US sports announcer and voice actor (born 1995)

Kody Mommaerts (born October 23, 1995), more commonly known as Big Mo, is an American entertainer and combat sports ring announcer. He is currently the official Ring Announcer for the boxing promotion BOXXER, which airs on Sky Sports, and BKB Bare Knuckle Boxing, which airs on Vice TV and Fuse.

== Biography ==
Kody Robert Mommaerts was born in Oceanside, California, on October 23, 1995. From an early age, he was very involved in sports and athletics. He first trained in Shotokan karate, which began his love for martial arts. He trained in the discipline for nearly seven years alongside karatekas such as Kamran Madani.
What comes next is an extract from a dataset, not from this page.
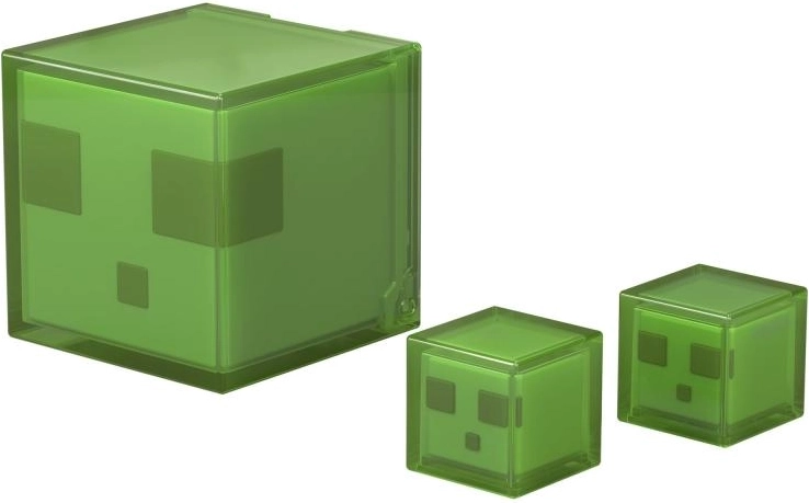 Półprzezroczyste zielone slimy z pikselowymi twarzami można układać i eksponować. Różne rozmiary ożywią twoje dioramy i dynamiczne potyczki.

Mommaerts attended Monarch High School in Louisville, Colorado, where he played American football as an offensive lineman. After winning a state championship in 2013, he played college football at the Division I level and attended the University of Northern Colorado. He also attended the University of Northern Colorado, where he played football for five years as an offensive lineman, in a backup role. He graduated early with a bachelor's degree in Business Marketing from the Monfort College of Business. With football eligibility still remaining, he earned a master's degree in Business Administration. Mommaerts was also an award-winning student, competing in, and winning, international business competitions.
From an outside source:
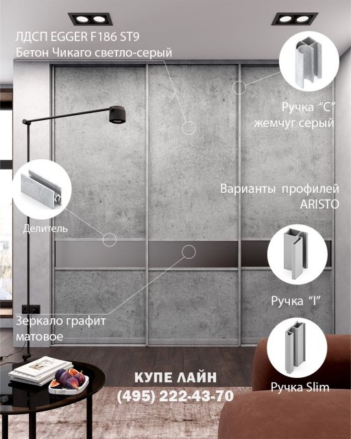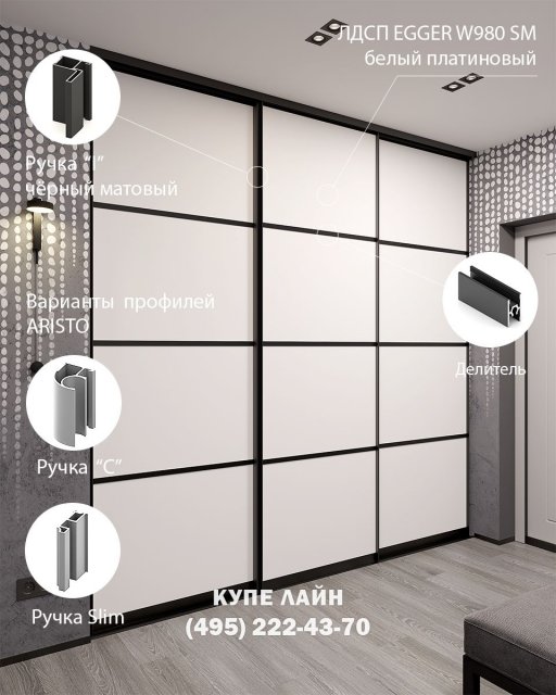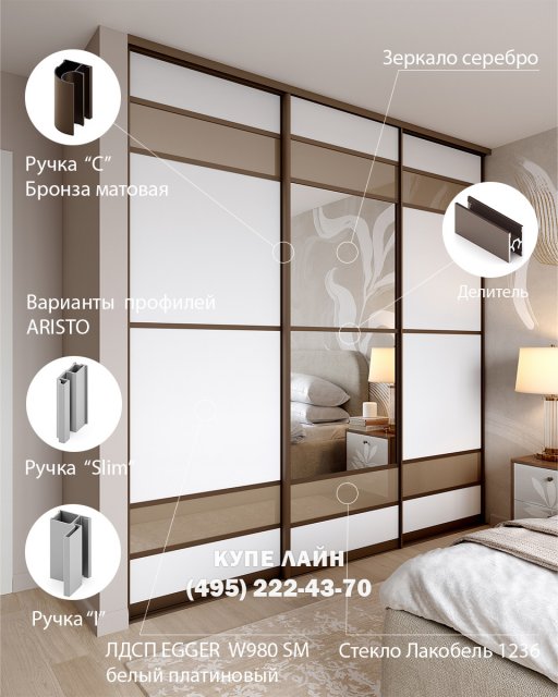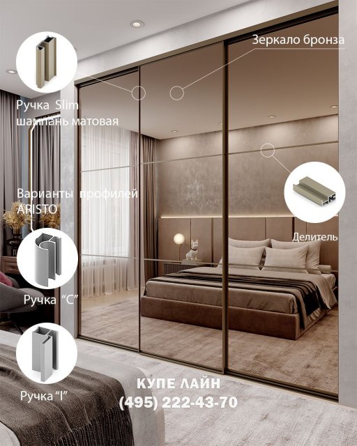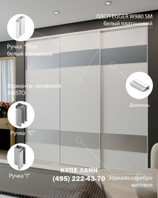 Мы рады приветствовать Вас на сайте производственной компании «Купе Лайн». С 2004 года мы изготавливаем в Москве двери купе по индивидуальным размерам. У нас Вы можете заказать и недорого купить двери купе для встроенного шкафа, в нишу и гардеробной комнаты. Для изготовления раздвижных дверей мы используем надежную высококачественную раздвижную систему АРИСТО.

== Ring announcing career ==
=== Boxing ===
Big Mo is currently the official ring announcer for the boxing promotion BOXXER, owned by promoter Ben Shalom, which broadcasts on Sky Sports.

Mommaerts also announced the Eddie Hall vs. Hafþór Björnsson fight in Dubai in March 2022.

Mommaerts was the ring announcer for Netflix's 1st live sporting event Jake Paul vs. Mike Tyson on November 15, 2024.

=== Bareknuckle ===
Big Mo is currently the Ring Announcer for BKB Bare Knuckle Boxing.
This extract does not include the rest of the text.